Les hashtags #JeSuisCharlie ou #SortonsLesPoubelles ont leur limite

Les hashtags #JeSuisCharlie ou #SortonsLesPoubelles ont leur limite

Dans Valeurs Actuelles, le père Danziec rappelle que la justice ne peut pas se contenter de slogans :

[…] Le slogan rageur “Plus jamais ça !” scandé dans les rues n’a pas plus enrayé la succession d’égorgements, de décapitations, de camions fous ou de fusillades en terrasse. Allumer des bougies place de la République ou brûler un cierge dans un sanctuaire (que les saints me pardonnent) ne suffit pas pour venir à bout d’un mal profond, qu’il s’appelle terrorisme islamiste ou perversion sexuelle. Les hashtags #JeSuisCharlie ou #SortonsLesPoubelles ont leur limite.

​Se targuer d’une irrévérence à la française, soit. Mais si c’est pour se refuser, dans le même temps, à souligner l’incompatibilité de la charia avec le socle civilisationnel judéo-chrétien qui a fait la France, à quoi bon ? Publier au grand jour les abus de tel ou tel membre du clergé, transparence nécessaire pour réamorcer la confiance, soit. Mais si c’est pour refuser, faute de courage, de prolonger cette transparence par une réforme intellectuelle et morale d’envergure, une conversion, on mesure l’insuffisance cruelle du procédé. Sortir les poubelles certes, mais dans le but d’endiguer ce qui pollue.

​Rendre justice aux victimes, c’est leur dire et leur prouver que si des messagers ont corrompu leur ministère, le message, lui, conserve toute sa puissance rédemptrice. Alors, oui, redisons-le : la politique et la foi sont des choses nobles. Pourvu que l’une et l’autre restent fidèles à leur vocation. La politique, en ce qu’elle vise le bien commun d’un peuple et la paix sociale d’une nation, loin des calculs ou des postures qui ne la grandissent pas. La foi, en ce qu’elle dilate les cœurs par l’Évangile et donne du sens à l’existence par sa tradition, loin de la couardise mondaine qui ne la sublime pas.

​Gustave Thibon, avec le discernement et le bon sens qui ont fait sa réputation, ne manquait pas de remarquer que la monarchie est plus que le roi et le sacerdoce plus que le prêtre.
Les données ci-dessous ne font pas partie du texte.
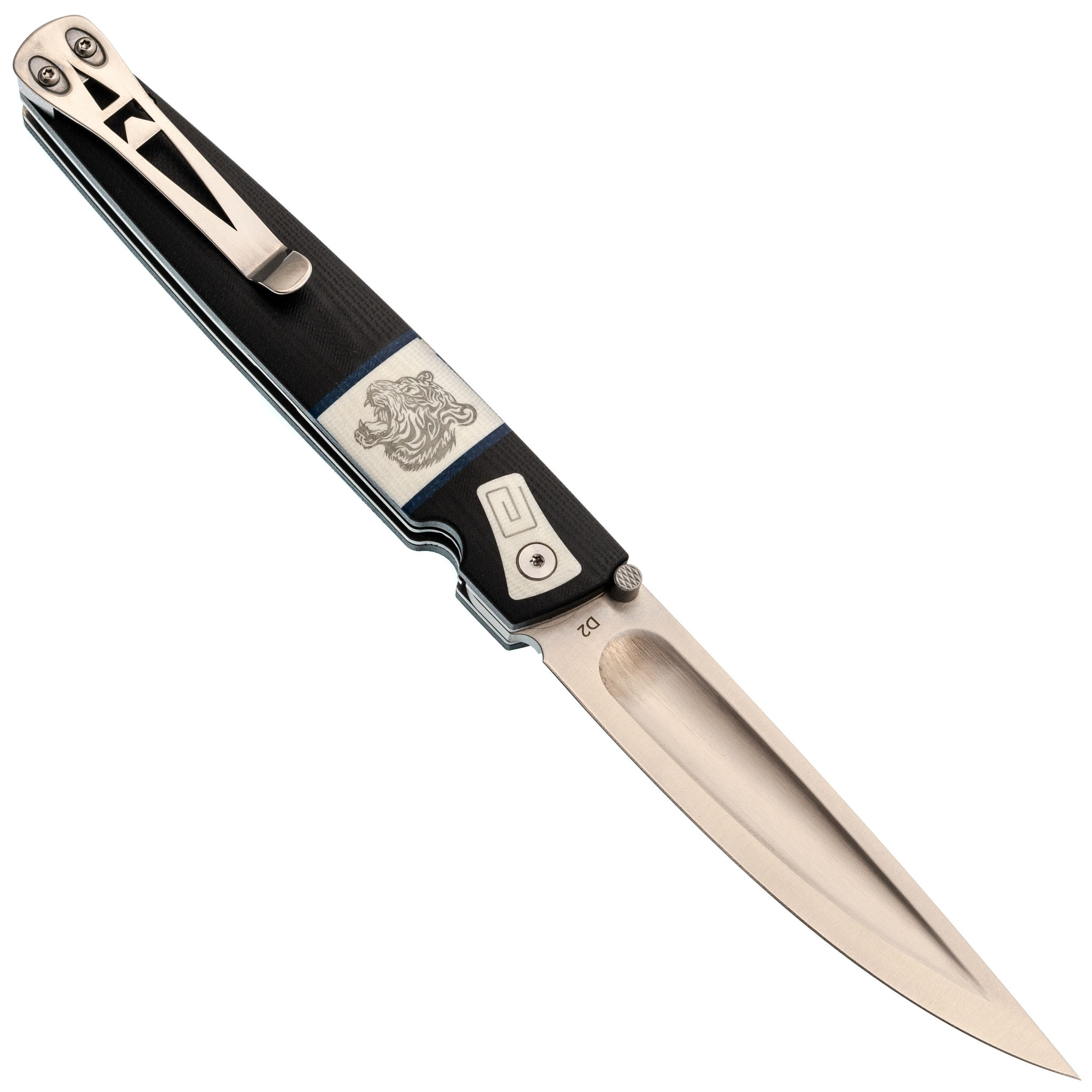 Клинок выполнен из стали D2 – высокоуглеродистой инструментальной стали, обладающей феноменальной износостойкостью, что обеспечивает длительное удержание остроты и сокращает необходимость заточки. Уникальная геометрия клинка представлена в виде плоского клинка с долом с одной стороны и выпуклой линзой с другой, что идеально подходит для обработки древесины, замороженного мяса или рыбы. Механизм открытия реализован с помощью шпеньки под каждую руку, обеспечивая быстрый и удобный доступ к лезвию.
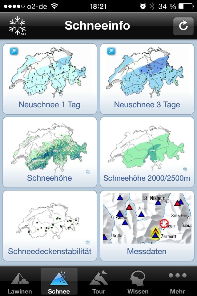 Neben dem Schnee- und Lawinenlagebericht für die Schweiz bringt diese App noch einen sehr interessanten (und auch wichtigen) Wissens-Bereich mit. Hangneigungsmesser, Analyser, Reduktionsmethode, Basiswissen (vieles interaktiv verwendbar) – das ganze geballte Know-How des SLF findet man hier kostenlos für iPhone und Android.
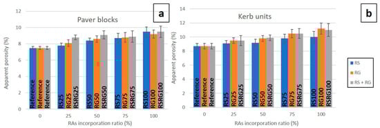 Regarding apparent porosity, Figure 4 depicts the influence on this property of partial or total replacement of NAs by RAs. As expected, similar to that observed for water absorption, apparent porosity increases with the percentage of natural aggregate that is replaced so that pavers manufactured with full substitution achieve porosity values approximately 25% higher than those from natural aggregates (Figure 4a). Concerning kerbs units (Figure 4b), the increase in apparent porosity is more dependent on RS (RS100), RG (RG100), and RS + RG (RSRG100) occurrence. However, in general, the effect of the inclusion of recycled aggregates on the increase in apparent porosity is lower than the corresponding effect on water absorption, indicating a prevalence of water absorption by hygroscopicity of the recycled aggregates as against capillary absorption through the pore system [,].

On pouvait autrefois, tels Dante ou Catherine de Sienne, se payer le luxe de mépriser tel roi ou tel pape sans que le principe même de la monarchie ou de la papauté soit mis en question.

En temps de crise, on assiste au phénomène inverse : les institutions ne sont tolérées et aimées qu’à travers les personnes… C’est dire l’urgence politique et religieuse de la situation actuelle. Si l’on estime que le sabre et le goupillon tiennent un rôle grave et sérieux dans le redressement d’un peuple, plus que jamais l’heure est à des chefs politiques et religieux intègres et vigoureux.

​Chacun son domaine. Aux politiques, le soin de faire leur examen de conscience. Quant à l’univers ecclésiastique, il serait temps pour lui – et pour ses responsables – de discerner consciencieusement les germes de mort qui polluent le clergé ces dernières décennies. L’affaissement du sens du péché ? La perte du sens de Dieu ? Un rapport au monde d’une naïveté confondante ? Le bannissement du vocabulaire ecclésial des mots “ascèse”, “sacrifices” ou “mortification”, comme si le prêtre ou l’évêque, par sa seule onction, devenait un pur esprit ?

​L’histoire nous enseigne que les paysans vendéens ont tiré les nobles de dessous de leur lit, où ils se cachaient, pour les appeler à prendre leurs responsabilités face aux désordres de la Révolution. Le petit peuple, de Dieu ou non, ne manquera pas demander des comptes à ceux qu’ils ont pour chefs. Non par haine. Mais par justice. Pour l’amour du prochain. Et le salut des âmes, surtout.